Max took the phone back out and looked over the screen. "Isabel."

"What? Did we leave something there?"

"Maybe…" He pressed the green button and brought the phone to his ear. "Yeah?"

She sounded panicked, more panicked than he'd ever in the history of knowing Isabel had heard her sound. She spoke fast and in shallow breaths, leaving more than a little room for miscommunication. "What?" Isaac's already-raised eyebrow roamed further. Max shrugged at him, still just as clueless as he'd been a few seconds ago. "What do you mean?" Isabel rattled off some earlier happenings in words he could hardly understand. "Okay, so where'd he go?" He heard shuffling on the other end, the sound of Ed's distant voice, the revving of a car, and then Isabel's anxious mumbles and some numbers. "Got it. See you in a little while." Max hung up the phone and stuffed it anxiously into his pocket.

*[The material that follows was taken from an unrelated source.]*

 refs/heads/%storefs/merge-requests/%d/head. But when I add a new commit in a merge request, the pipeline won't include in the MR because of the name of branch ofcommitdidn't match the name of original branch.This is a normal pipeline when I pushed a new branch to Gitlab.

"What happened?" Isaac watched him struggle to put his phone back, tension visibly rising in his shoulders again. Max shrugged, but that was only because he couldn't think of a better response.

"Spender's gone missing. We're meeting at the dojo. Come on."

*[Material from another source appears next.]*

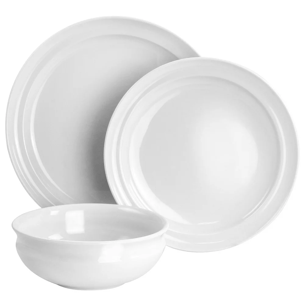 Setting the table should feel like the culmination of a dining experience carefully planned and lovingly created, and with this classic, elegant white Dinnerware Set, that’s exactly what happens. The Hillington collection provides the perfect setting for any type of entree, side, or dessert, giving your homecooking the polished platform it deserves. The Set is comprised of four 10.8 dinner plates, four 9 dessert plates, and four 6.5 cereal bowls, each made from fine ceramic with a high-gloss finish.

They'd tried. They really did. They'd gotten to the marked spot in less than twenty minutes after getting the call. They'd split up, Isaac with her and Ed with Max, and even then they'd gotten separated from each-other. She knew exactly how long they'd been searching, she just truly didn't want to believe it. Three hours- they'd been searching for three hours. Up and down every inch of the Mayview woods had to offer, five times, and there wasn't even a sign Spender had ever been there. She'd dialed his number over and over and over again but every single time his voice mail answered. "Mister Spender!" Isabel gasped at the dirt she'd accidentally kicked into the air, reaching her arm over her mouth to try and sway the odds of her lungs collapsing in her favor. The bridge of her nose stung like hell, reminding her that she was still not at full health.

That's the last thing I need to be focused on right now!

"Mister Spender!" She called out to the empty forest, twisting in circles so that she didn't miss an inch- not one inch. If she saw movement she'd go for it. He had to be in the woods somewhere. Alive. He had to be. Someplace in the distance she heard Isaac sounding just as desperate, calling out to their teacher with little hope of a response, his voice cracking and croaking because he was just so riddled with the fear she also felt. Even with all the foliage and space that divided the two of them, she could hear it clearly. His voice was so deep with dread and panic that she had to block it all out to keep herself sane, because it couldn't be true but she knew it was and reality was strangling her like a thick rope around her throat.

He was dead. Richard Spender was thirty-two years old and dead.